Basically I want to move files to another server on creation preserving the directory structure. I have a solution put it lacks elegance. Also I feel like I’m missing the obvious answer, so thanks in advance for your help and I totally understand if this bores you.
The situation
I have server with limited disk space (let’s call it ‘Tiny’) and a storage server. Tiny creates files every once in a while. I want to store them automatically on the storage server and remove the originals when it’s safe. I have to retain the directory structure of tiny. I don’t know in advance how the dir structure looks like. That is, all files are created in the directory /some/dir/ but sudirectories of this are created on the fly. They should be sotred in /other/fold/ on the storege server preserving the substcrutre under /some/dir. E.g:
/some/dir/bla/foo/bar/snap_001a on tiny —> becomes /other/fold/bla/foo/bar/snap_001a on the storage server. They are all called snap_xxxx wgere xxxx is a four letter alphanumeric string.
My old solution
Now I was thinking to loop over files and scp them. Once scp is finished and returns without error the files on tiny are removed with rm.
#!/bin/bash
# This is invoked by a cronjob ever once in a while.
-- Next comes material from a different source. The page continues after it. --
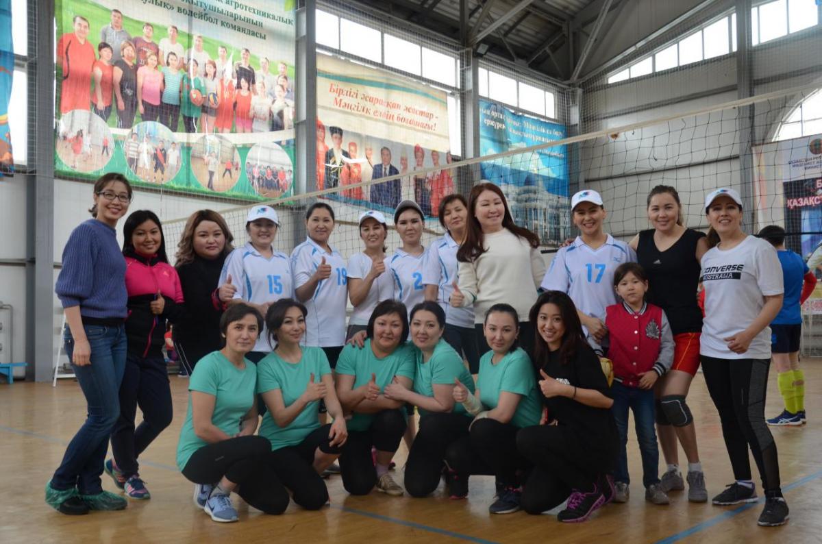 | Женские сборные команды РГП «НИИС» и Казахского агротехнического университета имени Сакена Сейфуллинапо волейболу |
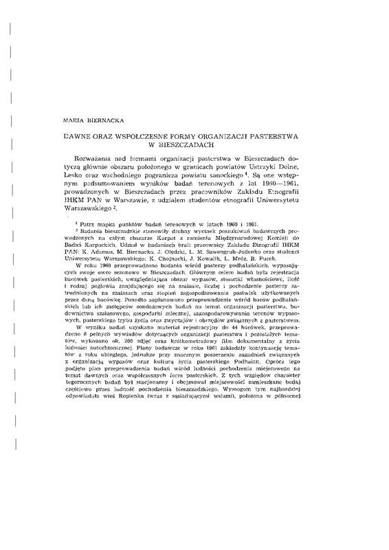 Dawne oraz współczesne formy organizacji pasterstwa w Bieszczadach / ETNOGRAFIA POLSKA 1962 t.6

files=$(find /some/dir/ -name snap_*)
IFS='
'
for current in $files; do
name=$(basename $current) # Get base name (i.e. strip directory)
dir=$(dirname $current) # Get the directory name of the curent file on tiny
dir=${dir/\/some\/dir/\/other\/fold} # Replace the directory root on tiny with the root on the storage server
ssh -i keyfile myuser@storage.server.net \
mkidir -p $dir # create the directory on the storage server and all parents if needed
scp -i keyfile $current myuser@storage.server.net:$dir$name \
&& rm $current # remove files on success
done
This however strikes me as unnecssarily complicated and maybe error prone. I thought of rsync but when coping single files, there is no option to create a directory and it’s parents if they don’t exist. Does anyone have an idea, better than mine?
What I ended up using after this thread
rsync -av --remove-sent-files --prune-empty-dirs \
-e 'ssh -i /full/path/to/keyfile' \
--include="*/" --include="snap_*" --exclude="*" \
/some/dir/ myuser@storage.server.com:/other/fold/
More recent versions then the one I was using take --remove-source-files instead of --remove-sent-files. The former being more of a telling name in that it’s clearer what files are deleted. Also --dry-run is a good option to test your parameters BEFORE actually using rsync.
Thanks to Alex Howansky for the solution and to Douglas Leeder for caring!
See the –include option.
Just specify it on the command line.
See the –remove-source-files option.